The Biden Administration’s decision to freeze Russian central bank reserves has been seen by many as an historical shift, marking the end of the dollar-based global monetary system. With that decision, the U.S. has defaulted on the obligation of a paper currency, and all countries in the world are drawing the lesson accordingly. They will diversify their reserves away from dollar-denominated assets into other currencies and gold. De facto, a new monetary system is coming into being, based on a multiple set of currencies, as deals between Russia and China and Russia and India, but also statements by Saudi Arabia recently indicate.

Writing for the Beirut-based Al-Mayadeen Media Network, Alastair Crooke, Director of Conflicts Forum, asked whether “the Russia-phobic Washington hawks” had not foreseen such “unexpected consequences? Was there some grand strategy behind the seizing of the Russian reserves, beyond visceral malice directed at Russia?

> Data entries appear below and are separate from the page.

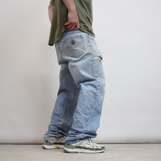 Vintage Carhartt jeans W38L34 Loose Fit Classic Blue Thrashed Workwear
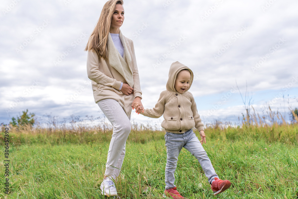 Woman mother walks field, holds hand of little boy son, autumn in city, walk in park, background grass, warm casual clothes, beige cardigan with hood. Cold weather is breeze.
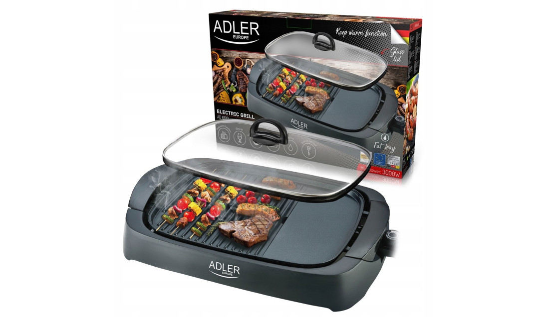 Wysokiej klasy grill elektryczny o dużej mocy maksymalnej 3000W, na którym łatwo przyrządzić smakowite dania. Dwa pola grzejne - płaskie i karbowane pozwalają przyrządzić zarówno jedzenie smażone jak i grillowane.
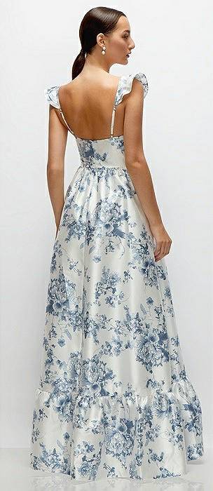 Floral Satin Corset Maxi Dress with Ruffle Straps & Skirt in cottage rose larkspur

“No, there was just impulse. We know that because both the Fed and the ECB said that they were not consulted on the seizure, or the expulsion of seven Russian banks from the SWIFT financial clearing system, adding that they would have opposed both moves, were they to have been asked.It was self-harm.

“And what an irony! In their zeal to crush the Russian economy, the US hawks inadvertently have opened the way for Russia and China to begin creating a new monetary system, well removed from the US dollar sphere.”

Credit Suisse analyst Zoltan Poszar was among the first ones to call this a “Bretton Woods III” (wrongly assuming that the current floating monetary system is a Bretton Woods II) and he assumed that the new system would be based on gold and commodities. Other economists have joined the discussion, but it is unfortunately tainted by the confusion between a monetary system and a credit system, as such a distinction was established by Lyndon LaRouche.The roadmap towards a new credit system, a real “New Bretton Woods”, was laid out by LaRouche in his 2000 groundbreaking essay On a Basket Of Hard Commodities – Trade Without Currency, which provides a blueprint for a reform of the international monetary system based on an improved version of the 1944 Bretton Woods agreements.

Contrary to the British narrative about the Bretton Woods agreement, adopted by modern apologists of John Maynard Keynes, the gold reserve system established at Bretton Woods was fundamentally the opposite of the British gold standard and, different from the latter, was not conceived of as a global colonial system.